[Opening DATA EXTRACT section]

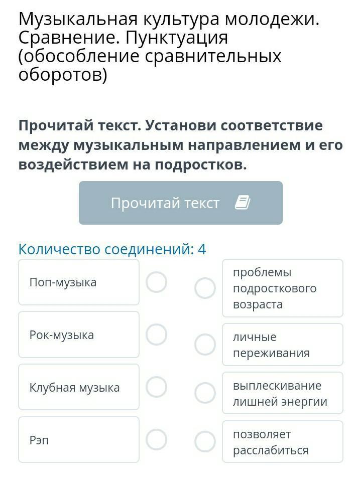 Музыкальная культура молодежи. Сравнение. Пунктуация (обособление сравнительных оборотов) Прочитай текст. Установи соответствие между музыкальным направлением и его воздействием на подростков. Количество соединений: 4 проблемы Поп-музыка подросткового возраста Рок-музыка личные переживания Клубная музыка выплескивание лишней энергии позволяет Рэп расслабиться ПОМОГИТЕ СРОЧНО ПЖЖЖЖЖЖЖЖЖЖЖ Я ДАМ 100 БАЛЛ
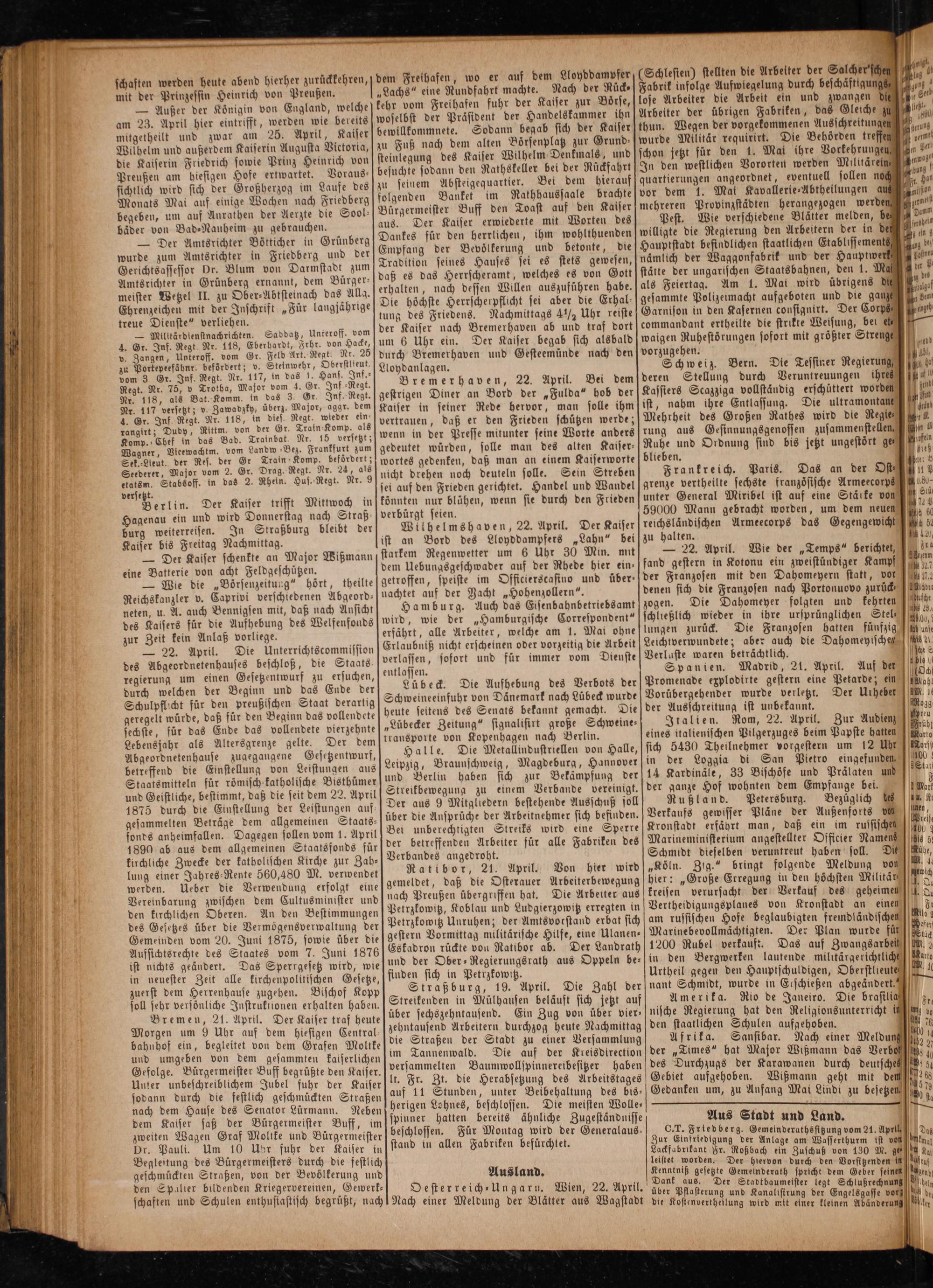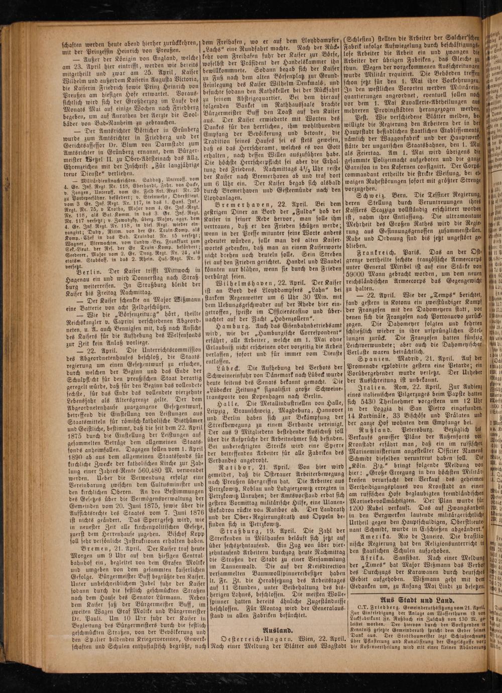 . (Schlesten) stellten die Arbeiter der Salcher'sche Fabrik infolge Aufwiegelung durch beschäftigungz lose Arbeiter die Arbeit ein und zwangen d 19 Arbeiter der übrigen Fabriken, das Gleiche zu thun. Wegen der vorgekommenen Ausschreitungen wurde Militär requirirt. Die Behörden treffen schon jetzt für den 1. Mai ihre Vorkehrunge In den westlichen Vororten werden Militärein quartierungen angeordnet, eventuell sollen noch vor dem 1. Mai Kavallerie-Abtheilungen auß mehreren Provinzstädten herangezogen werden
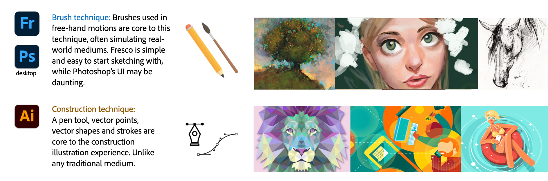 - Bespoke Drawing & Painting positioning for each hero portfolio application’s audience – Photoshop, Illustrator, and Adobe Fresco
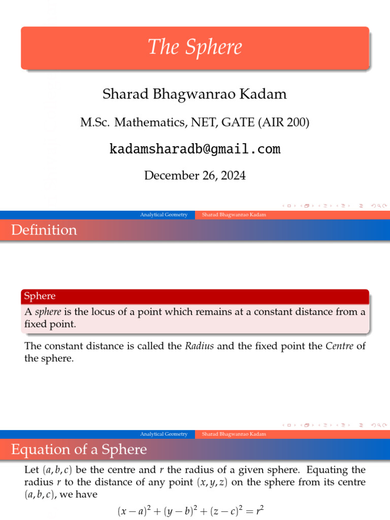 Analytical Geometry Sharad Bhagwanrao Kadam

[Closing DATA EXTRACT section]

> **ACTION ITEM**
From the first line to the last, retype the data exactly, but omit every image.

> **RESULT FOR THIS EXERCISE**
 Музыкальная культура молодежи. Сравнение. Пунктуация (обособление сравнительных оборотов) Прочитай текст. Установи соответствие между музыкальным направлением и его воздействием на подростков. Количество соединений: 4 проблемы Поп-музыка подросткового возраста Рок-музыка личные переживания Клубная музыка выплескивание лишней энергии позволяет Рэп расслабиться ПОМОГИТЕ СРОЧНО ПЖЖЖЖЖЖЖЖЖЖЖ Я ДАМ 100 БАЛЛ
 . (Schlesten) stellten die Arbeiter der Salcher'sche Fabrik infolge Aufwiegelung durch beschäftigungz lose Arbeiter die Arbeit ein und zwangen d 19 Arbeiter der übrigen Fabriken, das Gleiche zu thun. Wegen der vorgekommenen Ausschreitungen wurde Militär requirirt. Die Behörden treffen schon jetzt für den 1. Mai ihre Vorkehrunge In den westlichen Vororten werden Militärein quartierungen angeordnet, eventuell sollen noch vor dem 1. Mai Kavallerie-Abtheilungen auß mehreren Provinzstädten herangezogen werden
 - Bespoke Drawing & Painting positioning for each hero portfolio application’s audience – Photoshop, Illustrator, and Adobe Fresco
 Analytical Geometry Sharad Bhagwanrao Kadam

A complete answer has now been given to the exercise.